Si alguien ubica la referencia sin buscarla, bienvenido/a sea. Caso contrario, en unos días la escribo en comentarios. Para mí, es una frase por demás elocuente, y que tanto profesional como personalmente me resulta profunda (y finalmente encontré cómo dice la versión en español, en vez de arriesgar una traducción propia, jaja).

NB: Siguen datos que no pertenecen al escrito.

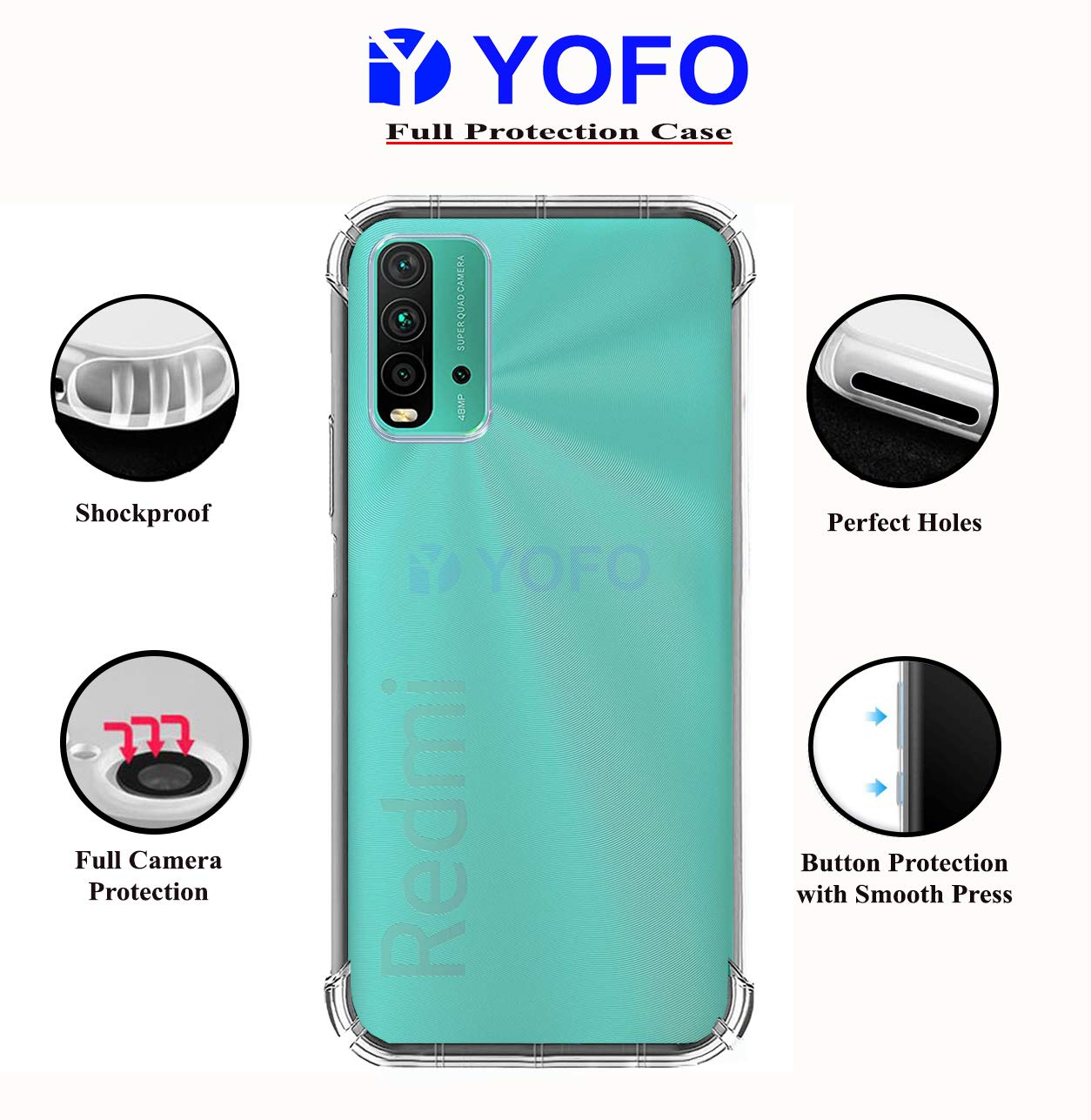 - Transparent 4 Corner Cution Technology Case For MI Redmi 9 Power Clear Protection Case
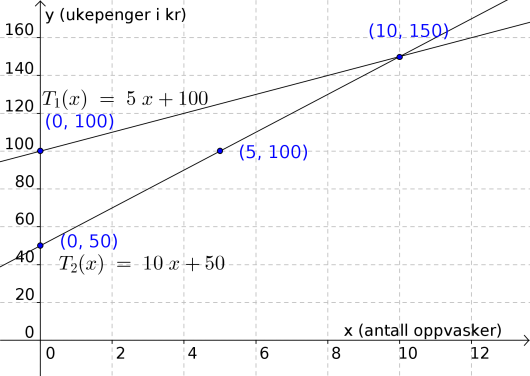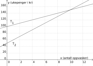 Denne oppgaven er om Der to eller flere linjer krysser hverandre, sier vi at de har et felles skjæringspunkt. I et koordinatsystem kan skjæringspunktet leses av ved å trekke en loddrett strek ned til x-aksen og en vannrett strek bort til y-aksen. Lineære funksjoner er funksjoner som er skrevet på formen . En rett linje som vanligvis kalles linje, er en rett strek som har en posisjon og retning. En linje fortsetter uendelig i begge retninger. Matematiske modeller brukes ofte for å beskrive fenomener i naturen. Matematisk modell: Betegner at man setter opp matematiske relasjoner mellom størrelser man er interessert i å analysere utviklingen av. Etter at man har laget modellen kan en benytte matematikk for å beregne hvordan fenomenet utvikler seg. Mange matematiske modeller har så kompliserte likninger at de ikke kan løses eksakt og man må da benytte numeriske metoder. Når man har funnet en matematisk løsning må svaret tolkes i forhold til fenomenet en ser på. Skjæringspunkt

De vuelta en casa, extraña en casa, me siento otra vez a escribir, que después de lidiar con las mareas del mundo toca cultivar el propio campo, y se comienza pequeño.
¿Por mi parte? Mi plan ahora es pacífico. Tengo una lista de lectura entera en la que avanzar, y un intenso deseo de recorrer mentalmente tierras extrañas. Algo para escribir, también. Tal vez conserve esta publicación mía, en lugar de borrarla como las anteriores. Pasaron cosas, y un marcapáginas nunca viene mal.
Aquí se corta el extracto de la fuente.